The good news is, U.S. job growth picked up in January following December’s awful totals. The bad news is, that’s not saying much.
The new report from Bureau of Labor Statistics shows the U.S. economy added 113,000 jobs in January, well below economists’ expectations. The unemployment rate dropped to 6.6% – its lowest point since October 2008 – but that’s cold comfort given the overall data, and is likely affected by congressional Republicans’ decision to cut off jobless benefits for the long-term unemployed.
As is often the case, there was also a sizable gap between the public and private sectors – in January, businesses added 142,000 jobs, while spending cuts forced 29,000 government job losses.

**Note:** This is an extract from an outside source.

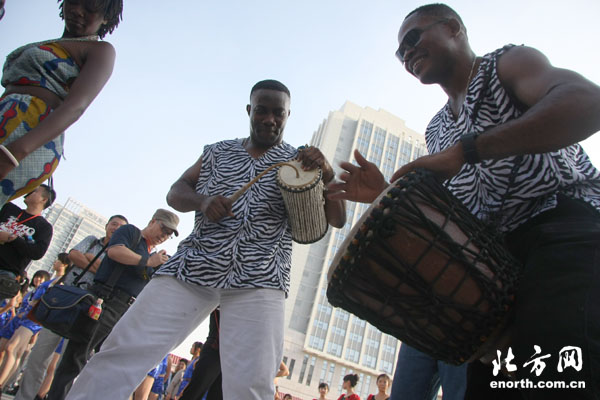 国外10支异域风情表演团队和国内8支群众艺术团队为游客带来了精彩的巡街表演,包括巴西桑巴舞、法国红磨坊舞蹈和康康舞蹈、俄罗斯模特时装秀和风情舞、菲律宾风情舞、西班牙风情舞、非洲土著舞蹈,以及花车巡街、国标舞、华尔兹、拉丁舞、恰恰舞、牛仔舞、动漫秀、时装秀、假面舞会等,广大市民群众也加入到欢乐的表演团队中,呈现了浓厚欢庆氛围。开街开业活动还邀请了社会各界人士、规划建设交通系统劳模代表、津湾广场社会监督员等约500人参加。

This report, like the one before it, offer yet another reminder to policymakers that the economic recovery is far from robust. For GOP lawmakers on Capitol Hill to forfeit 200,000 jobs this year by failing to extend jobless aid – or worse, threaten deliberate harm through another debt-ceiling crisis – only makes it harder for the economy to get to where it needs to be.

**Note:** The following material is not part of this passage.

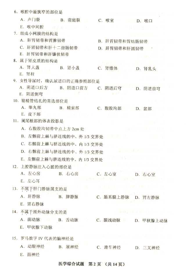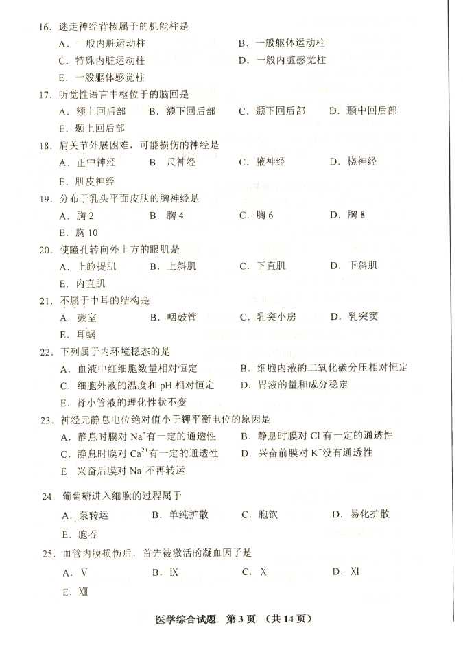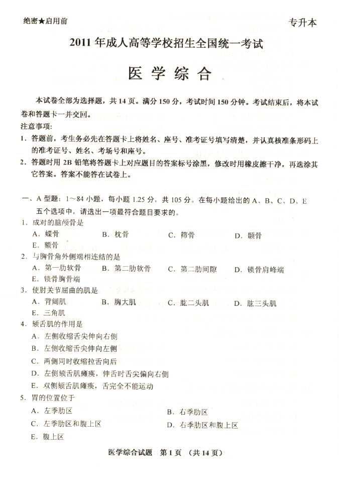 2011年全国成人高考专升本《医学综合》试题及答案

Above you’ll find the chart I run every month, showing monthly job losses since the start of the Great Recession. The image makes a distinction – red columns point to monthly job totals under the Bush administration, while blue columns point to job totals under the Obama administration.
Also note, the Bureau of Labor Statistics does a once-a-year annual revision, updating every month’s job totals from the previous calendar year. The above chart reflects the changes applied to 2013’s monthly totals. (For what it’s worth, while we initially believed 2.18 million jobs were created last year, the revisions now show 2.32 million jobs were created.)